Un fine settimana di intensa attività per le forze dell’ordine impegnate sul territorio della Capitale, tra interventi contro le baby gang della movida, arresti per spaccio, truffe ai danni dei turisti e un’articolata azione di contrasto ai reati ambientali. Quattro operazioni distinte, condotte da Carabinieri, Polizia di Stato e Polizia Locale di Roma Capitale, che restituiscono l’immagine di una città sotto stretta sorveglianza, dove la sicurezza dei cittadini e dei visitatori resta una priorità assoluta.

Nel cuore di Trastevere, i militari della Compagnia di Roma Trastevere, coadiuvati dal Nucleo Radiomobile di Roma e dalla Compagnia di Roma Centro, hanno condotto un servizio straordinario di controllo del territorio per arginare il fenomeno delle bande giovanili responsabili di molestie e piccoli reati ai danni di residenti e frequentatori del quartiere. L’operazione, disposta nell’ambito delle strategie coordinate dal Comando Provinciale dei Carabinieri di Roma e in linea con le indicazioni del Prefetto di Roma, ha permesso di individuare un gruppo di undici cittadini stranieri, già noti alle forze dell’ordine per precedenti legati a reati contro il patrimonio e agli stupefacenti. Dopo un episodio di spintonamento avvenuto su Ponte Sisto, quattro giovani tra i 19 e i 23 anni sono stati denunciati in stato di libertà alla Procura della Repubblica per violenza privata, mentre un 22enne è stato denunciato per minaccia e resistenza a pubblico ufficiale. Due minorenni facenti parte del gruppo sono stati invece affidati, d’intesa con la Sala Operativa Sociale del Comune, a una struttura di accoglienza dedicata.
Sul fronte dello spaccio, la Squadra Mobile della Polizia di Stato ha portato a termine un’operazione nel quartiere Dragona di Ostia, dove due giovani romani sono stati arrestati dopo la scoperta di un appartamento adibito a deposito di droga e di un’automobile trasformata in un vero e proprio nascondiglio viaggiante, dotato di un doppio fondo azionato a molla. Gli agenti, insospettiti dai movimenti sospetti dei due, hanno rinvenuto complessivamente circa undici chilogrammi di hashish, oltre a materiale per il confezionamento dello stupefacente.

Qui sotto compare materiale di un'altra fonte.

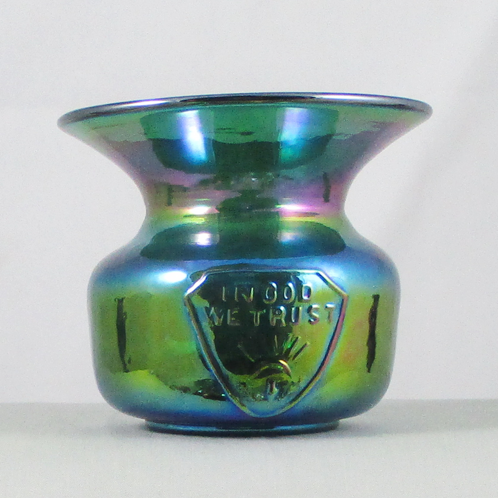Gibson Teal Green In God We Trust Carnival Glass Spittoon Limited Edition for ACGA
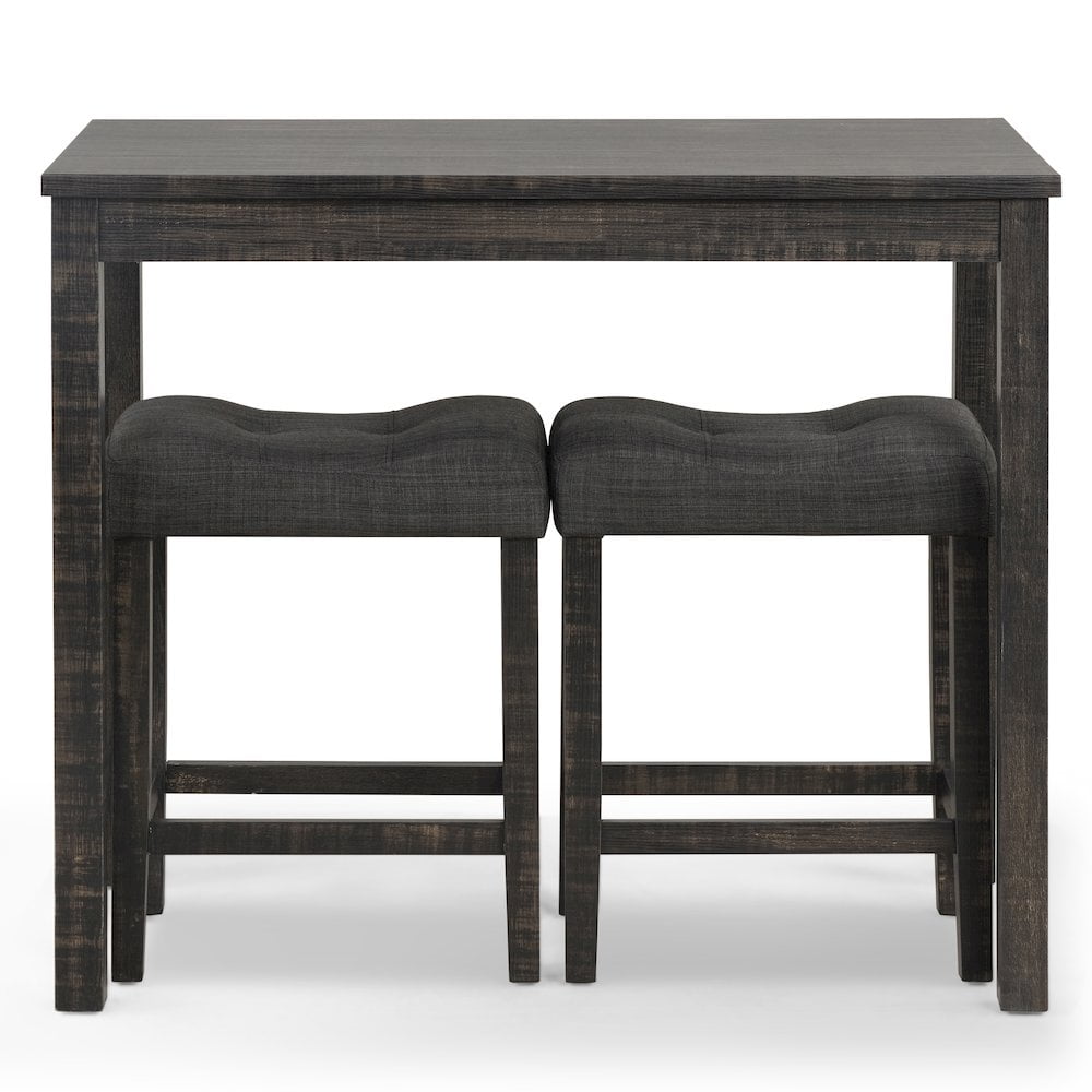 Make the most of your dining space with the Sora Wood 3-Piece Counter Height Dining Set. This space-saving set includes a rectangular counter height table and two saddle stools. A taller height makes this dining set comfortable for both seated guests and those who walk up to chat or help with homework. The stools are upholstered with soft fabric. The dining set is available in gray and taupe finish. Features : Finish: Gray Materials: MDF, Rubber Wood, Fabric, Foam, Paper The counter height dining set includes a table and two matching stools. Available in gray and taupe finish Button tufted saddle stools with contoured seat and footrests, upholstered with solid color fabric with thick foam padding The table is constructed of high-quality MDF with solid rubberwood legs, finished by the 3D wood grain paper. The leg of the stools is made of solid rubberwood Some assembly required. Photo may slightly different from Actual Item in Terms of color due to the Monitor’s display Specifications : Dining Table Dimensions : 41.5″W x 22″D x 36″H ; (Table top thickness) 0.98″ Stool Dimensions : 18.5″W x 11.8″D x 24″H Seat Dimensions : 18.5″W x 11.8″D x 4.7″H Weight Capacity : 200 lbs
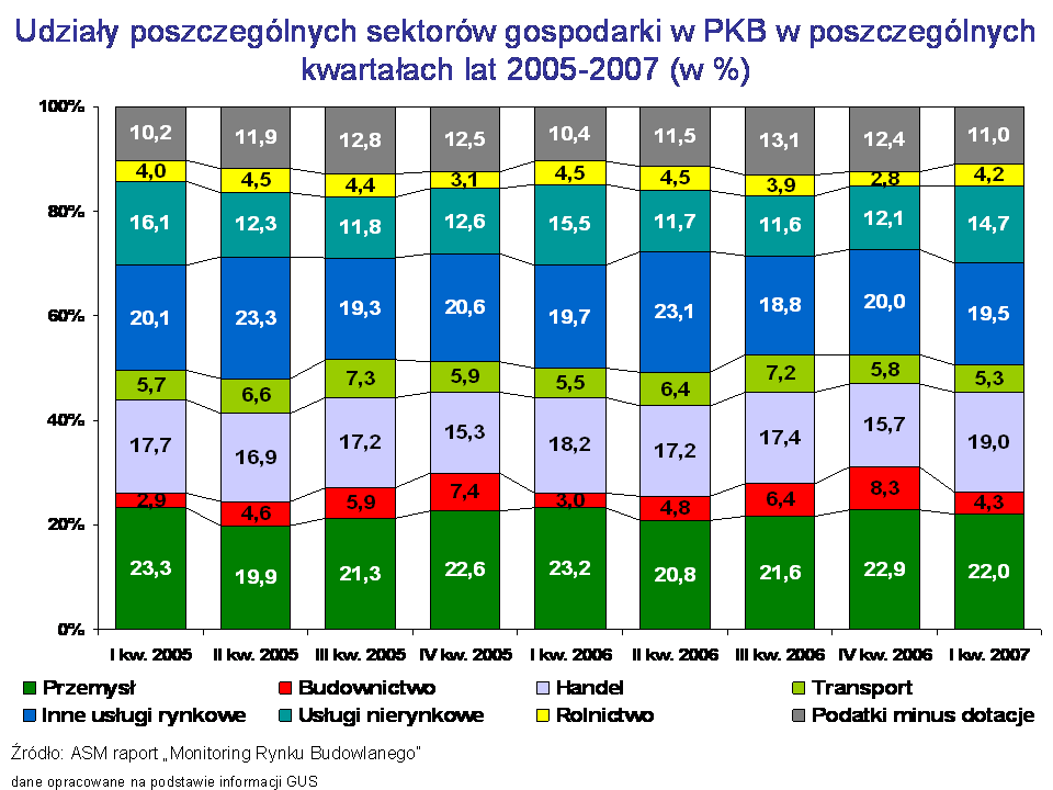 Udziały poszczególnych sektorów gospodarki w PKB w poszczególnych kwartałach lat 2005-2007 (w %)

L’Autorità Giudiziaria ha successivamente convalidato l’operato della Polizia di Stato.

Non solo criminalità comune: la Polizia Locale di Roma Capitale, attraverso il suo Nucleo Ambiente e Decoro (N.A.D.), ha portato avanti una doppia indagine contro i reati ambientali, denunciando un imprenditore rumeno di 40 anni, titolare di una ditta formalmente attiva nei traslochi ma di fatto dedita allo smaltimento abusivo di rifiuti anche pericolosi, e un operatore ecologico italiano di 58 anni sorpreso, fuori servizio, mentre abbandonava materiali in un parcheggio pubblico nella zona di Mostacciano. Un’attività, quella del N.A.D., che dall’inizio del 2026 ha già portato a quasi undicimila controlli, duecento denunce e oltre milleisettecento violazioni accertate, a testimonianza di un impegno costante nella tutela del decoro urbano e della salute pubblica.
Infine, tra i vicoli turistici di San Pietro, i Carabinieri del Nucleo Operativo della Compagnia di Roma San Pietro hanno arrestato tre uomini di nazionalità romena, sorpresi in Piazza Adriana mentre, spacciandosi falsamente per agenti, sottoponevano un turista inglese di 60 anni a una finta perquisizione nel tentativo di sottrargli seicento sterline in contanti. L’intervento tempestivo dei militari, che stavano monitorando l’area, ha consentito di bloccare i tre presunti responsabili e restituire l’intera somma alla vittima. Gli arrestati sono stati condotti in stato di fermo in attesa del rito direttissimo.